_PROMPT_.
Starting at the line below that contains "仲間 莉緒成さんを姓名の画数から五運を鑑定" and ending at the line that contains "Крышка цилиндра для", retype each line exactly as it stands, but omit the pictures.
:::
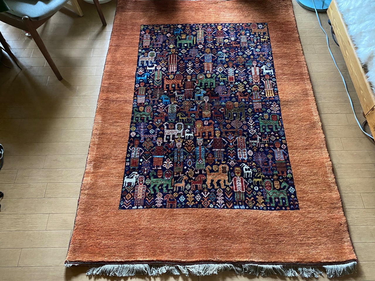 人や、動物、ライオン等びっしりと本当に絵画のように織り込まれている見事なギャッベ
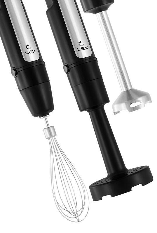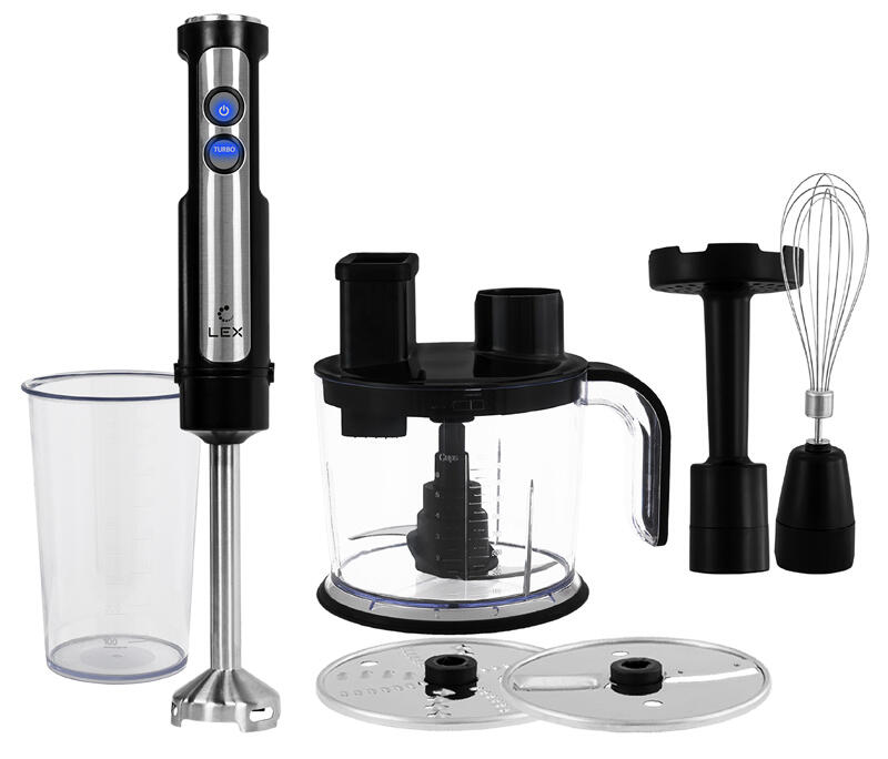 В комплекте S-образный нож комбайна, Диск для терки, Диск для шинковки, Моторная часть, Насадка для приготовления пюре, Насадка-блендер, Насадка-венчик, Погружная часть и нож
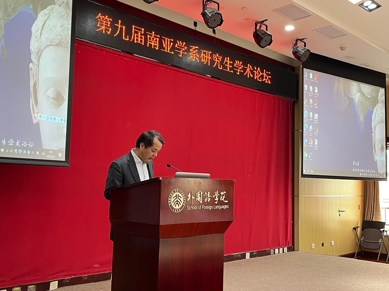 陈明老师首先回顾了往届论坛的举办情况,充分肯定了以往获奖论文的学术价值与学术潜力。他强调,许多优秀论文借由论坛交流的机会得以打磨,最终成功发表。他期待各位同学能够通过本论坛,传承季羡林先生在跨文化研究中展现的广阔胸襟和视野,也期待本论坛未来能够成为南亚学系和北大外院的学术品牌之一。
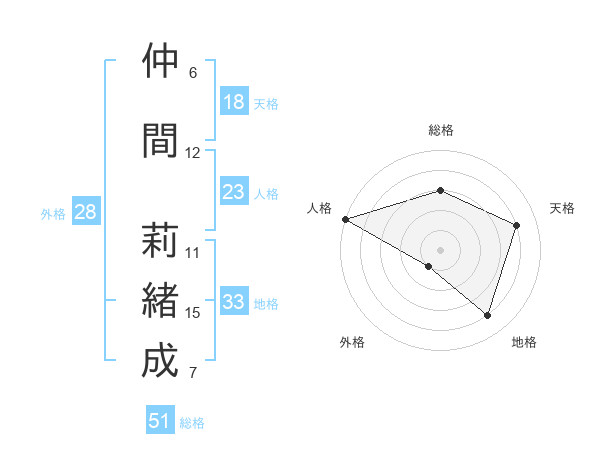 仲間 莉緒成さんを姓名の画数から五運を鑑定
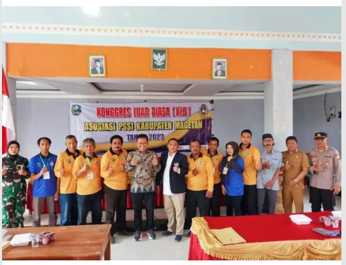 Magetan, jendelanusanews.com – Menggelar Konggres Luar Biasa (KLB) Asosiasi Kabupaten (Askab) PSSI Magetan, Ketua DPRD Kabupaten Magetan Sujatno, resmi terpilih sebagai Ketua Askab PSSI tahun 2023 s.d 2028 setelah dilakukan Aklamasi, Acara tersebut bertempat di Aula Pertemuan Desa Bogem, Kecamatan Sukomoro, Selasa (21/03/23).
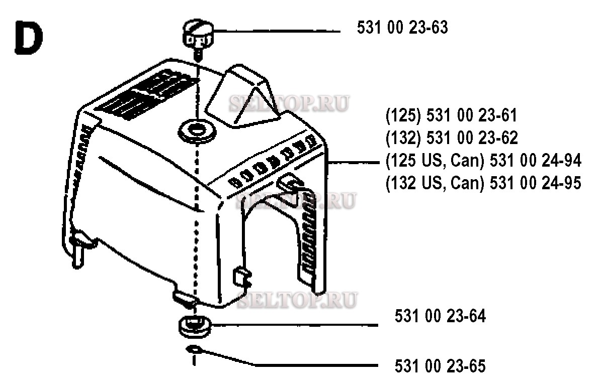 Крышка цилиндра для триммера Husqvarna 125 L (с 1993-04), взрыв-схема:
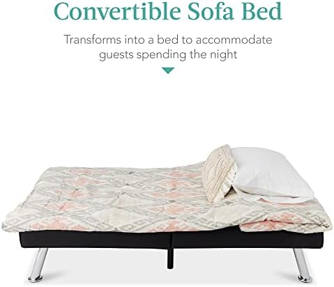 Best Choice Products Faux Leather Upholstered Modern Convertible Futon, Adjustable Folding Sofa Bed, Guest Bed w/Removable Armrests - Black
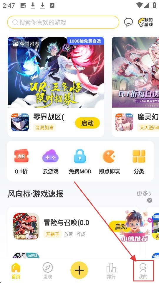 我们打开软件后,要是想开展游戏相关的操作,点击底部的【我的】按钮,就能进入个人中心页面了。
:::
_REPLY_.
 仲間 莉緒成さんを姓名の画数から五運を鑑定
 Magetan, jendelanusanews.com – Menggelar Konggres Luar Biasa (KLB) Asosiasi Kabupaten (Askab) PSSI Magetan, Ketua DPRD Kabupaten Magetan Sujatno, resmi terpilih sebagai Ketua Askab PSSI tahun 2023 s.d 2028 setelah dilakukan Aklamasi, Acara tersebut bertempat di Aula Pertemuan Desa Bogem, Kecamatan Sukomoro, Selasa (21/03/23).
 Крышка цилиндра для триммера Husqvarna 125 L (с 1993-04), взрыв-схема:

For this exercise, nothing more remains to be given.